> What to produce: Please repeat, exactly as they stand, the line containing "реки Невы. | |||" and the lines after it through the final line of the listing below, minus pictures.

> Entries provided:
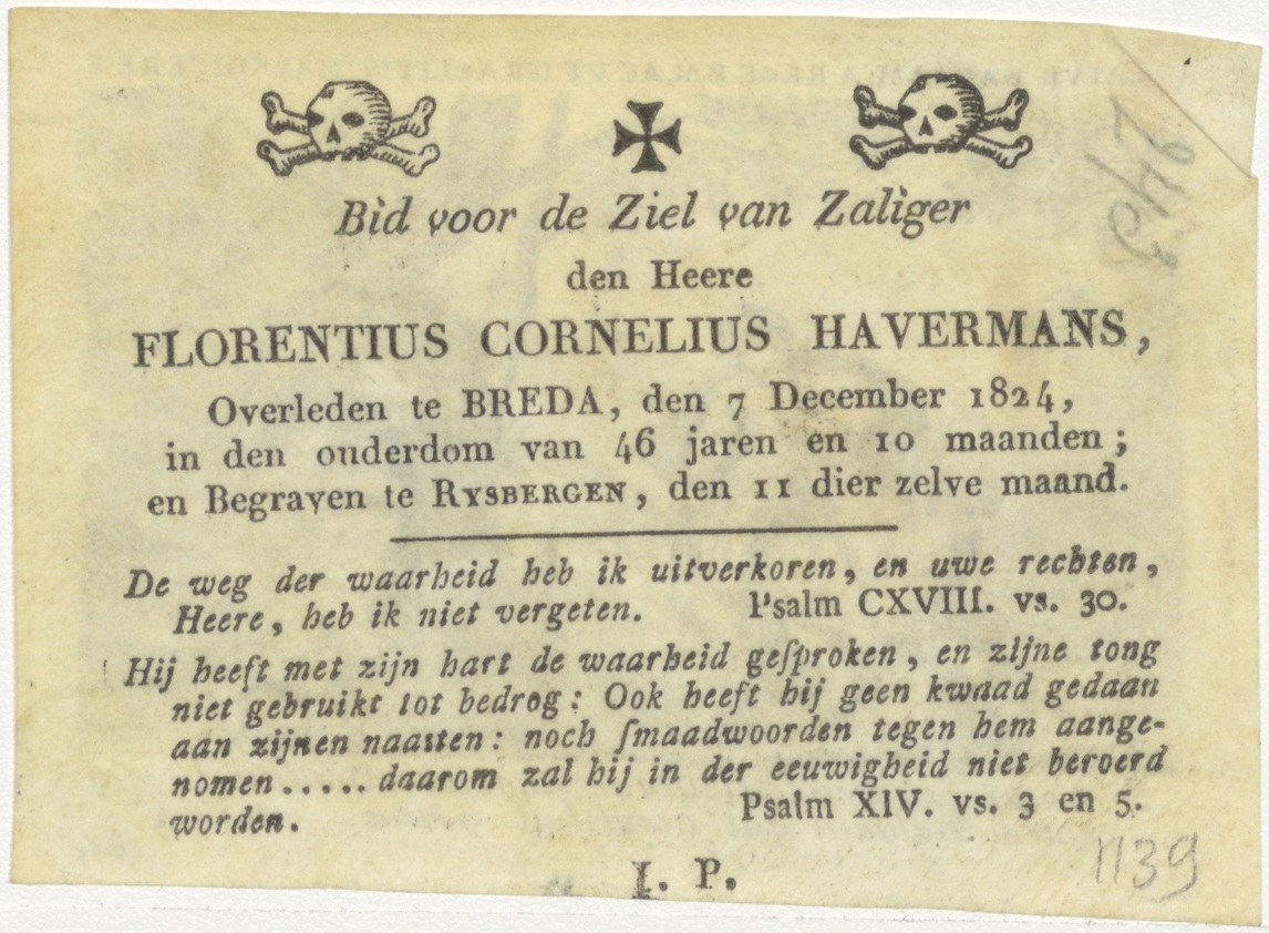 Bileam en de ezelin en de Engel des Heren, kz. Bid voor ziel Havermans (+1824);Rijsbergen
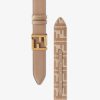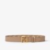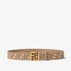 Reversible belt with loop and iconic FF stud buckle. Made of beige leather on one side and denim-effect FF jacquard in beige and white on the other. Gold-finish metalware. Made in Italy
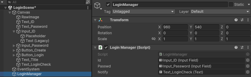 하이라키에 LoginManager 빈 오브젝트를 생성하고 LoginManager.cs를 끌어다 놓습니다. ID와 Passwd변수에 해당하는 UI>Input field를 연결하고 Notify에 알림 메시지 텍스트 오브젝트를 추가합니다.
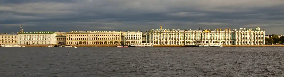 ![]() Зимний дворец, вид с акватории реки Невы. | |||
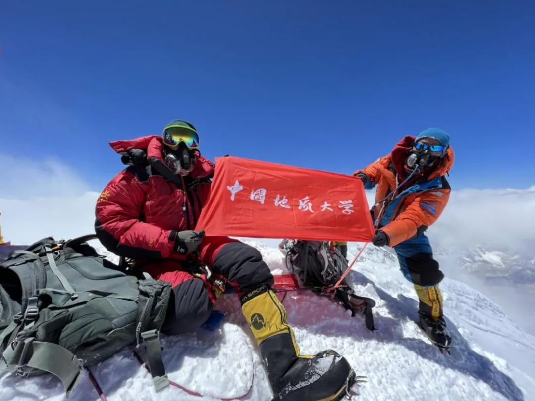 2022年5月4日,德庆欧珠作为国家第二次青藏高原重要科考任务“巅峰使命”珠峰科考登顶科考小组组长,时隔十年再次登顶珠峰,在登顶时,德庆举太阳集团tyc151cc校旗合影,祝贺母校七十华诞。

> Response to the task:
 ![]() Зимний дворец, вид с акватории реки Невы. | |||
 2022年5月4日,德庆欧珠作为国家第二次青藏高原重要科考任务“巅峰使命”珠峰科考登顶科考小组组长,时隔十年再次登顶珠峰,在登顶时,德庆举太阳集团tyc151cc校旗合影,祝贺母校七十华诞。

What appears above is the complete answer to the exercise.